What information is contained in these files?
Which sequences are included in the output?

Step 1: Install Cytoscape

To visualise our gene sharing networks we are going to install Cytoscape. Go to https://cytoscape.org/download.html and download Cytoscape. Next, install it:

cd /path/to/downloaded/cytoscape_file
chmod +x Cytoscape_3_9_1_unix.sh
./Cytoscape_3_9_1_unix.sh

And follow the instructions on the screen to install Cytoscape. If everything works out you should end up with a Cytoscape shortcut on your desktop.

Step 2: Load network in Cytoscape

Open Cytoscape with the desktop shortcut. Cytoscape has a graphical interface that might be a bit overwhelming at first.

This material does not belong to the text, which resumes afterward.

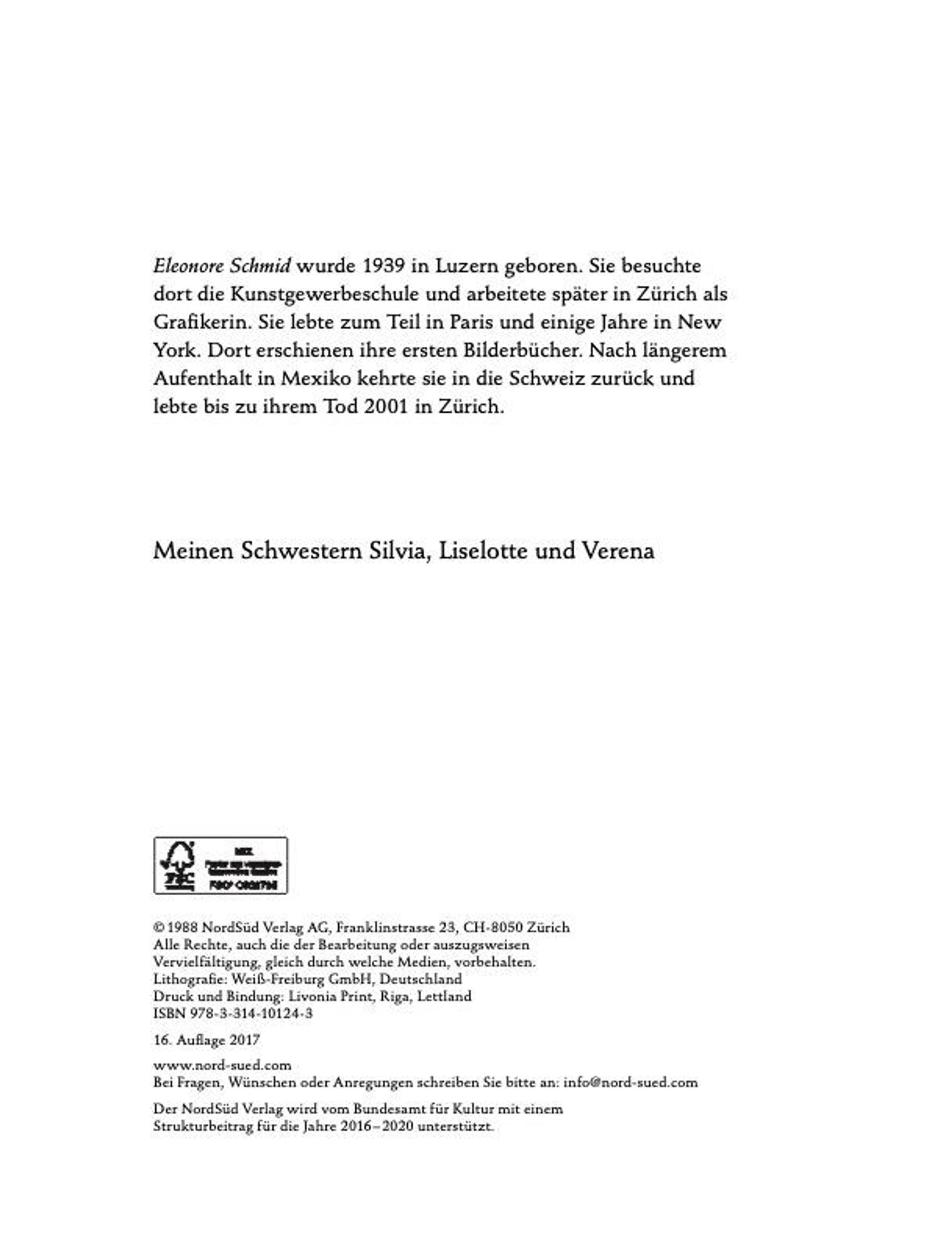 Eleonore Schmid, geboren 1939 in Luzern, besuchte die Kunstgewerbeschule in Luzern und arbeitete während drei Jahren in Zürich als Grafikerin. Zudem gestaltete sie Bücher und illustrierte Kinderzeitschriften, Spiele, kulinarische Karten und Briefmarken. Nach Reisen in Europa zog sie nach Paris und später für drei Jahre nach New York. Dort erschienen die ersten einer ganzen Reihe von Bilderbüchern. Nach längerem Aufenthalt in Mexiko kehrte sie in die Schweiz zurück und lebte bis zu ihrem Tod 2001 in Zürich.Biografie (Eleonore Schmid)

  • Follow steps 7-10 from this manual to load the network file into Cytoscape.
  • after you’ve removed the duplicate edges and self loops (see manual linked above), load the gene_to_genome_overview.csv file by file > import > table from file and selecting it. In the window that pops up please select the following (see image):
  • add to a selected network
  • import data as Node table columns
  • click genome in Preview and select the key icon If this all worked correcly, you should now have information about the nodes in the “node table” (E in the second figure below)

Image

Step 3: Change the network layout:

‘Layout > Edge-weighted Spring Embedded layout’, and select the column with the numeric data (probably column 3). This places genomes that share more protein clusters closer together.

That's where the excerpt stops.